▸ **Dataset content**:
- - - -
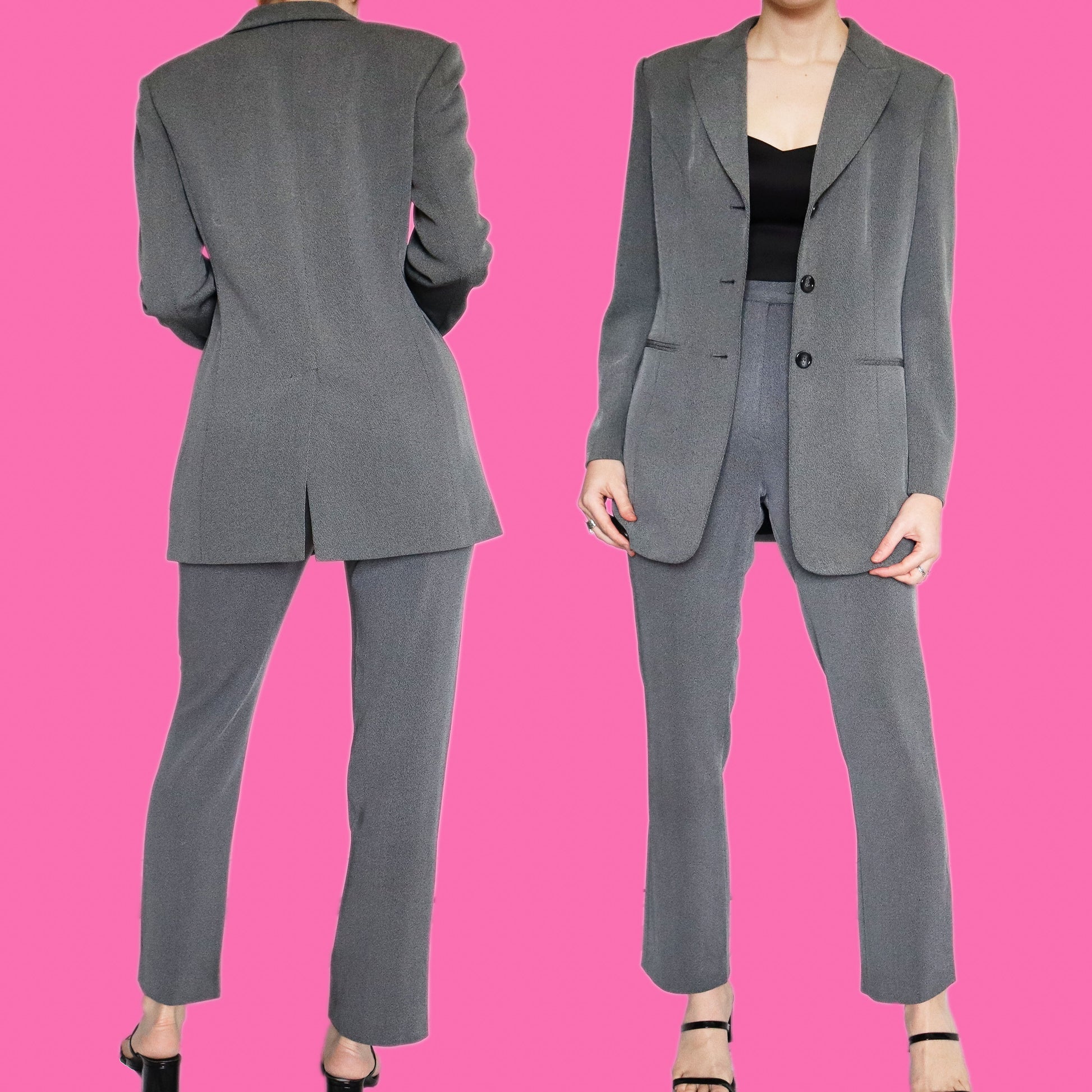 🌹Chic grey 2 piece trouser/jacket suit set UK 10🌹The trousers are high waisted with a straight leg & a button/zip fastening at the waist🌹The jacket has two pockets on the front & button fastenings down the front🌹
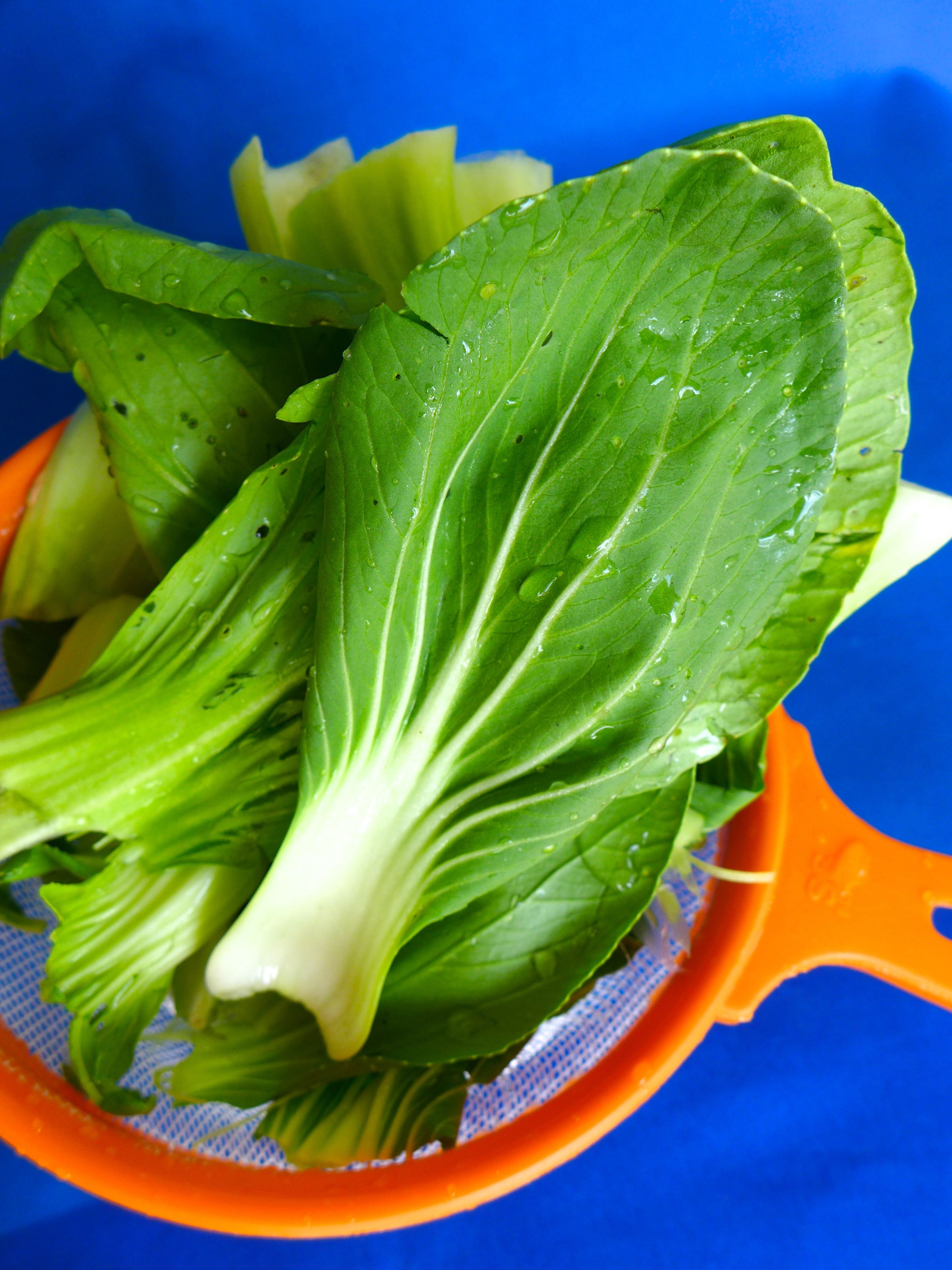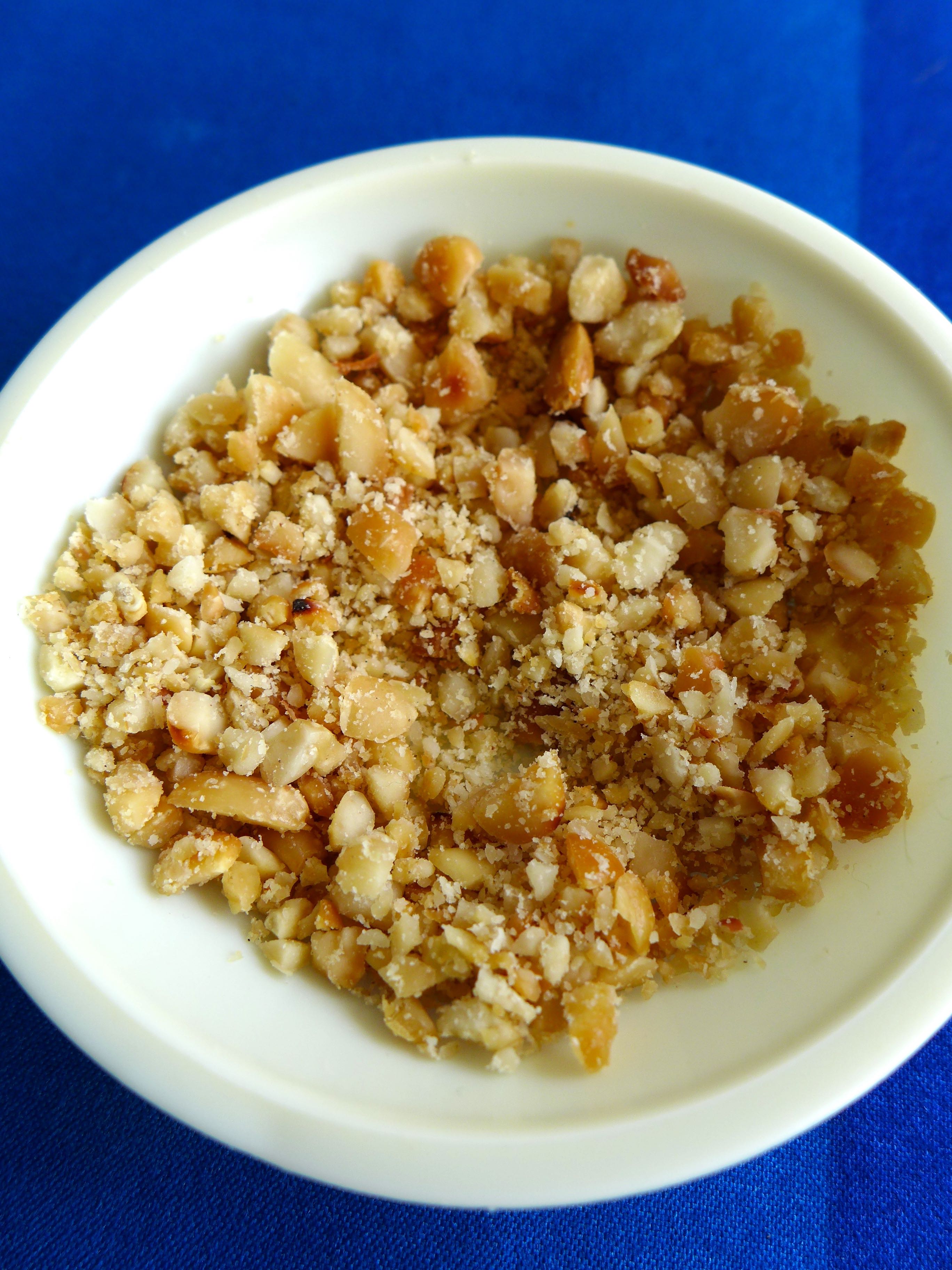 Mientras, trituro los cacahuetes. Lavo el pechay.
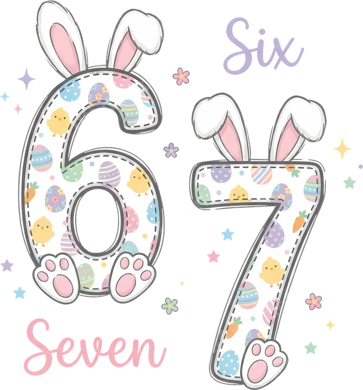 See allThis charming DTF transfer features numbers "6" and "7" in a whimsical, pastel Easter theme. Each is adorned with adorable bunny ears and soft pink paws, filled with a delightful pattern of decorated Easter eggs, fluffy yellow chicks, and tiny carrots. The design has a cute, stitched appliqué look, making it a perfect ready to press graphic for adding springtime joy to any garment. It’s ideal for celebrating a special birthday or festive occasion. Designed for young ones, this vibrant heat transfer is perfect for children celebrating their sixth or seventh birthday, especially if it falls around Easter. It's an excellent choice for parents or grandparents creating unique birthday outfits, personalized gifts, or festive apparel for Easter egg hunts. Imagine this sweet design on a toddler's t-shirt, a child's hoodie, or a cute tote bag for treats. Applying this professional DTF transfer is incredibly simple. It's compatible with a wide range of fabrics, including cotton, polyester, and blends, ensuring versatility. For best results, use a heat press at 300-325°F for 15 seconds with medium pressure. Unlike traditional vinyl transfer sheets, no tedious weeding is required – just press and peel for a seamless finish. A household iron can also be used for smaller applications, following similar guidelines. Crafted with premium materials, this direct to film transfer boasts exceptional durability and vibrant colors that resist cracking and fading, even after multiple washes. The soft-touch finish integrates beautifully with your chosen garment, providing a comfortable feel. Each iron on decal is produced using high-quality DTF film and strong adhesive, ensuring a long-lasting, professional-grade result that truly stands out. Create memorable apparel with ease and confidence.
- - - -
▸ **Task to carry out**:
Omitting all pictures, give the preceding listing again exactly.

▸ **Result of the exercise**:
 🌹Chic grey 2 piece trouser/jacket suit set UK 10🌹The trousers are high waisted with a straight leg & a button/zip fastening at the waist🌹The jacket has two pockets on the front & button fastenings down the front🌹
 Mientras, trituro los cacahuetes. Lavo el pechay.
 See allThis charming DTF transfer features numbers "6" and "7" in a whimsical, pastel Easter theme. Each is adorned with adorable bunny ears and soft pink paws, filled with a delightful pattern of decorated Easter eggs, fluffy yellow chicks, and tiny carrots. The design has a cute, stitched appliqué look, making it a perfect ready to press graphic for adding springtime joy to any garment. It’s ideal for celebrating a special birthday or festive occasion. Designed for young ones, this vibrant heat transfer is perfect for children celebrating their sixth or seventh birthday, especially if it falls around Easter. It's an excellent choice for parents or grandparents creating unique birthday outfits, personalized gifts, or festive apparel for Easter egg hunts. Imagine this sweet design on a toddler's t-shirt, a child's hoodie, or a cute tote bag for treats. Applying this professional DTF transfer is incredibly simple. It's compatible with a wide range of fabrics, including cotton, polyester, and blends, ensuring versatility. For best results, use a heat press at 300-325°F for 15 seconds with medium pressure. Unlike traditional vinyl transfer sheets, no tedious weeding is required – just press and peel for a seamless finish. A household iron can also be used for smaller applications, following similar guidelines. Crafted with premium materials, this direct to film transfer boasts exceptional durability and vibrant colors that resist cracking and fading, even after multiple washes. The soft-touch finish integrates beautifully with your chosen garment, providing a comfortable feel. Each iron on decal is produced using high-quality DTF film and strong adhesive, ensuring a long-lasting, professional-grade result that truly stands out. Create memorable apparel with ease and confidence.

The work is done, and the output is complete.